I am curious, How and Why did all of that earliest churches apostate? What was the cause and Why did it happen... 

Of course I am referring to Rome, Constantinople, Alexandria, Antioch, and Jerusalem .. 

What led to their decline and why did they all head down the same path which is very much like Catholicism in form, worship, polity, etc...


Any Thoughts?


----------



## Grymir (Feb 19, 2008)

Satan


----------



## Coram Deo (Feb 19, 2008)

I understand that, but it is odd they all went down the same path.. I am trying to flush out the causes down through history..... 

I could see one or two going this path, and another 1 or 2 down another path and another 2 or 3 down let another path.. 

But they all headed down the same path... Popery, Patriarchy, Uber High Church Liturgical, Non Regulative Worship Practices, Vestments, Mariology, and Saintlogies, Purgatory, Baptism Regeneration, etc.....




Grymir said:


> Satan


----------



## VirginiaHuguenot (Feb 19, 2008)

See James A. Wylie, _History of Protestantism_, Book 1, Chapter 2, "Declension of the Early Christian Church."


----------



## MW (Feb 19, 2008)

2 Thess. 2:10-12, because they received not the love of the truth, that they might be saved. And for this cause God shall send them strong delusion, that they should believe a lie: That they all might be damned who believed not the truth, but had pleasure in unrighteousness.


----------



## biblicalthought (Feb 19, 2008)

See: Is Eastern Orthodoxy Christian? by Dr. Robert Morey

Here are some excerpts from the book review I did:



> In the first chapter, Dr. Morey documents how much like Roman Catholicism, Eastern Orthodoxy began well when the Jews from Egypt received the Holy Spirit on the day of Pentecost (Acts 2:10). When they returned to Egypt, they shared their faith in Jesus the Messiah and founded a church on Egyptian soil. However, much like the early Roman Church again, the infant Jewish church began to attract the attention of local pagans. Eventually, the pagans outnumbered the Jewish Christians and drove out the Messianic church founders because of their protest of the importation of pagan religious ideas and rituals into the church.
> 
> Dr. Morey documents the step-by-step levels of apostasy of the Egyptian Gentile church such as the solicitation of church offices in order to promote and maintain political control of the region. The inclusion of pagan priests and the infiltration of Greek philosophers led the church to become seeker-friendly, or as Dr. Morey notes on pg. 20, “the first emerging church.”



and



> Chapter three: The Hellenization of Eastern Orthodoxy
> 
> With an extensive section on the Hellenization of Eastern Orthodoxy, Dr. Morey provides documented proof that is beyond refutation that from its beginning, Eastern Orthodox theology was molded and shaped by pagan doctrines and rituals. Dr. Morey describes how the worldview of Origen and those who followed him was thoroughly pagan. He illustrates how instead of Christianizing the dominant Hellenistic philosophies and religions around them, they succeeded in Hellenizing Christianity (pg. 41).

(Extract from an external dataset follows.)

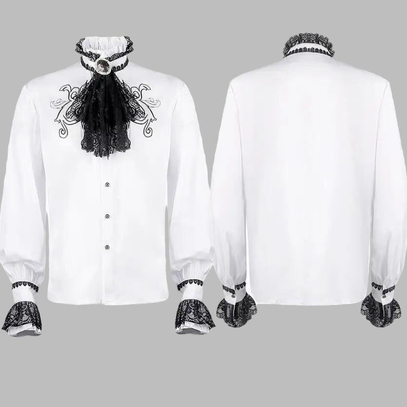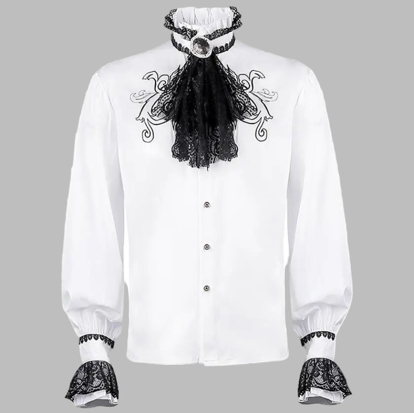 Balti steampunk marškiniai su nėrinių detalėmis ir jabotu

I tangle with these jokers all the time. If you have any specific questions, feel free to ask. Remember, the principle of Sola Scriptura was vibrant in the early church. Apostasy is clear as day when viewed in that light...


----------



## Coram Deo (Feb 19, 2008)

Thanks Andrew that was Excellent and answered everything..... 

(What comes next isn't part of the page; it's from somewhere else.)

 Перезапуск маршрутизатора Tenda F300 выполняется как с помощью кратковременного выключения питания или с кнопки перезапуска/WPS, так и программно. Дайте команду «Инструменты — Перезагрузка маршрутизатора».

It was very Poetic as Well... 




VirginiaHuguenot said:


> See James A. Wylie, _History of Protestantism_, Book 1, Chapter 2, "Declension of the Early Christian Church."


----------



## Pergamum (Feb 19, 2008)

I think it was ecclesiology.


There is a book that shows that there WAS a true church throughout all those ages. Its title was "The Trail of Blood: by J.M. Carroll




































....ha! Psych!


----------



## Grymir (Feb 20, 2008)

Hi Thundaer! I know my answer above was short and to the point (and a little glib, because i knew that wasn't what you were asking), I finally have time to answer better. A good source that will explain alot is Eusebius's Church History. Here's a link for an online version

NPNF2-01. Eusebius Pamphilius: Church History, Life of Constantine, Oration in Praise of Constantine | Christian Classics Ethereal Library

This is a great book. It describes what happened from someone who sent through it and wrote shortly after the events. (Kind of like a person today writing about WW I or WWII) It will grip you and you won't be able to put it down. Especially when Eusebius say "We watched the church's we built being burnt down to the ground". His explanation is very relevant today, although they were too serious in following the word, and we are too lax today.

I hope this helps, ENJOY!!

Also, buying a modern reprint is great because I saw one in my local Christian paraphernalia shop (Family Christian no-longer Bookstore), that had pictures of the events listed. (Archeological digs and artists who drew about the things happening at the time around them.)


----------



## Ivan (Feb 20, 2008)

Pergamum said:


> I think it was ecclesiology.
> 
> 
> There is a book that shows that there WAS a true church throughout all those ages. Its title was "The Trail of Blood: by J.M. Carroll
> ...


----------